1) make high quality prints of the stuff you want to keep around
forever and put them into high quality storage binders.
2) digital images ...
As has been said many times before, the key to storage and archiving
of digital images is replication and maintenance, not permanence of
the media. Build a good archive schema and maintain it, migrate it to
new media as standards change.
Godfrey
On Apr 27, 2006, at 4:09 AM, Jostein wrote:
Dear gang,
I discovered the "need more storage" thread just now, by looking in
the
archives. Long term storage is a hot topic among my friends over here
at the moment, but nobody seems to have any "best practice" to point
to.
"Nobody" includes me too :-) but I would very much like to establish
a good practice for myself.
So by googling, and some thinking, I've come down to a list of
things to
consider. I'm not sure if this is a good list to go by, and would
very much
like to hear some opinions:
1. Longevity of storage medium (Hard-drive, DVD, etc.)
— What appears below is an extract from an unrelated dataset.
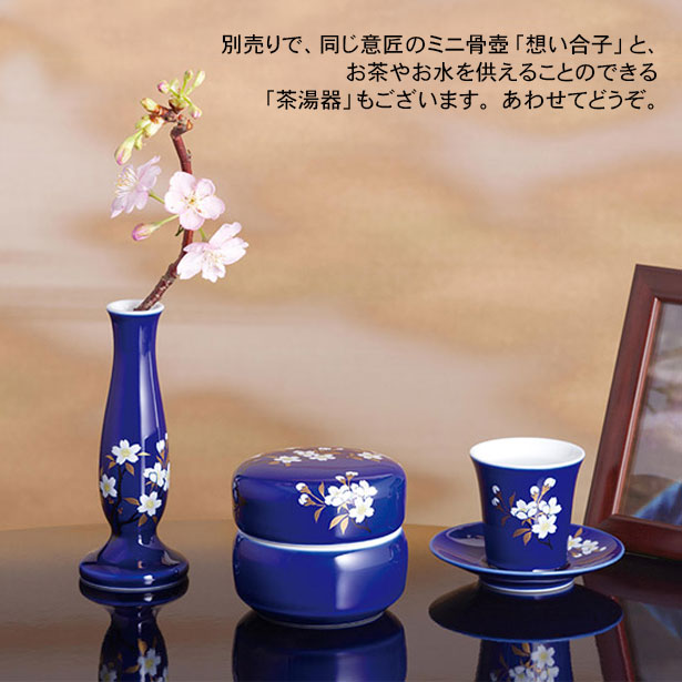 | 商品説明 | 【商品コード:2655】 ■商品詳細 ●材質:磁器 ●サイズ:高さ約11cm×幅約4.5cm ※一つ一つ手作りの為、仕上りが若干異なる場合がございますのでご了承下さい。 ※在庫状況によりお取り寄せになる場合がございます。 創業119年の伝統を受け継ぐ有田の老舗窯元、深川製磁の技術と伝統が創りあげた「瑠璃磁さくら 花生」です。 清冽なフカガワブルーに浮かぶさくら花枝に、大切な思いが鮮やかに映ります。 『瑠璃磁さくら(るりじ)』 瑠璃彩磁(るりさいじ)世界で「フカガワブルー」と賞賛される独自の鮮やかで澄みきった瑠璃色は、深川製磁ならではの熟練の技。 意匠は「さくら花枝」。日本人の心に響く可憐な美しさを咲かせました。 別売りで、同じ意匠のミニ骨壺「想い合子」と、お水やお茶を供えることができる「茶湯器」もございます。あわせてどうぞ。 特製の桐箱に深川製磁謹製の銘をお入れしてお客様にお納めいたします。 |

2. Longevity of the technology used to access the medium (USB,
SCSI, etc.)
3. Longevity of software support for the chosen file format (RAW,
TIFF, etc.)
Then there is:
4. Data safeguarding (backup routines etc.)
5. Data availability (access time to a file)
6. Production volume (number of exposures and edit-files)
7. Convenience
8. Cost (both time and money)
By any measure, a solution to cover all this points will be a trade-
off
between several of them. Convenience and longevity pull in the same
direction, for example, while cost pulls the other way.
So what do you think? And how do you store your precious moments?